Not only do we not know the date, we don't even know whether he wrote the remark at all.
For all we know it might have been invented by his son Samuel, who published his father's comments.
In his letters, Fermat never mentioned the general case at all, but quite often posed the problem of solving the cases $n=3$ and $n=4$. I am almost certain that Fermat discovered infinite descent around 1640, which means that in 1637 he did not have any chance of proving FLT for exponent 4 (let alone in general).
In 1637, Fermat also stated the polygonal number theorem and claimed to have a proof; this is just about as unlikely as in the case of FLT -- I guess Fermat wasn't really careful in these early days.

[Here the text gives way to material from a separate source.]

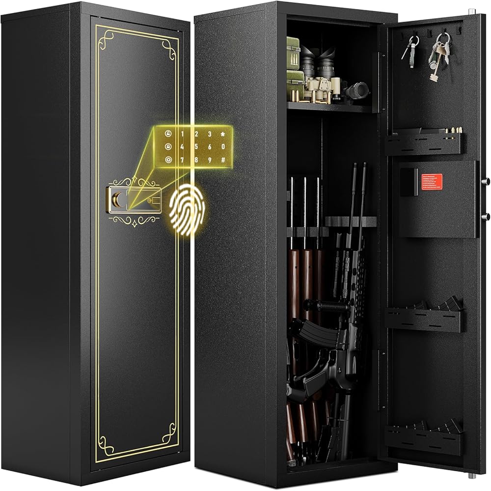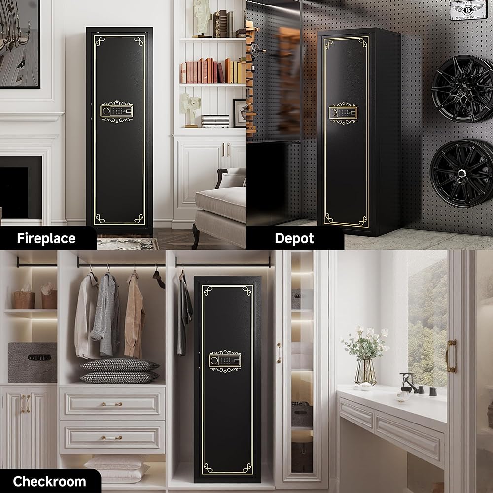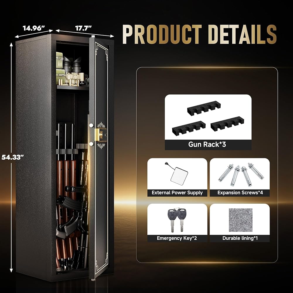 【Dual Unlocking with Fingerprint and Password Gun Cabinet】:Equipped with advanced fingerprint recognition and digital password dual locking system, fast response, secure and reliable, only authorized users can easily access, effectively preventing unauthorized access and safeguarding your firearm safety.

Let me also mention that Fermat posed FLT for $n=3$ always as a problem or as a question, and did not claim unambiguously to have a proof; my interpretation is that he did not have a proof for $n = 3$, and that he knew he did not have one.
Edit Let me briefly quote two letters from Fermat:
I. Oeuvres II, 202--205, letter to Roberval Aug. 1640 Fermat claims that if $p = 4n-1$ be prime, then $p$ does not divide a sum of two squares $x^2 + y^2$ with $\gcd(x,y) = 1$. Then he writes
I have to admit frankly that I have found nothing in number theory
that has pleased me as much as the demonstration of this proposition,
and I would be very pleased if you made the effort of finding it, if
only for learning whether I estimate my invention more highly than it
deserves.
This looks as if Fermat had just discovered "his method" of descent.
Starting from $x^2 + y^2 = pr$ one has to show that there is a prime
$q \equiv 3 \bmod 4$ dividing $r$ which is strictly less than $p$.
II. In his letter to Carcavi from Aug. 1659 (Oeuvres II, 431--436), Fermat writes:
I then considered certain questions which, although negative, do
not remain to receive a very great difficulty, for it will be easily
seen that the method of applying descent is completely different from
the preceding [questions]. Such cases include the following:
- There is no cube that can be divided into two cubes.
- There is only one square number which, augmented by $2$,
makes a cube, namely $25$.
- There are only two square numbers which, augmented by $4$,
make a cube, namely $4$ and $121$.
- All squared powers of $2$ augmented by $1$ are prime numbers.
My interpretation of this is that Fermat lists four results which he
believes can be proved using his method of descent. In my opinion
this implies that Fermat did not have a proof of FLT for exponent $3$
in 1659.
Edit 2
In light of the discission at wiki.fr let
me add a couple of additional remarks along with a promise that a nonelectronic
publication of my views on Fermat will appear within the next two years (if I can
find a publisher, that is).
A search in google books for "hanc marginis" and Fermat for the
years up to 1900 reveals several hits, none of which claims that
the remark was written around 1637; in particular there are no dates
given in Fermat's Oeuvres or in Heath's Diophantus. Starting with
Dickson's history, this changes dramatically, and nowadays the date
1637 seems to be firmly attached to this entry.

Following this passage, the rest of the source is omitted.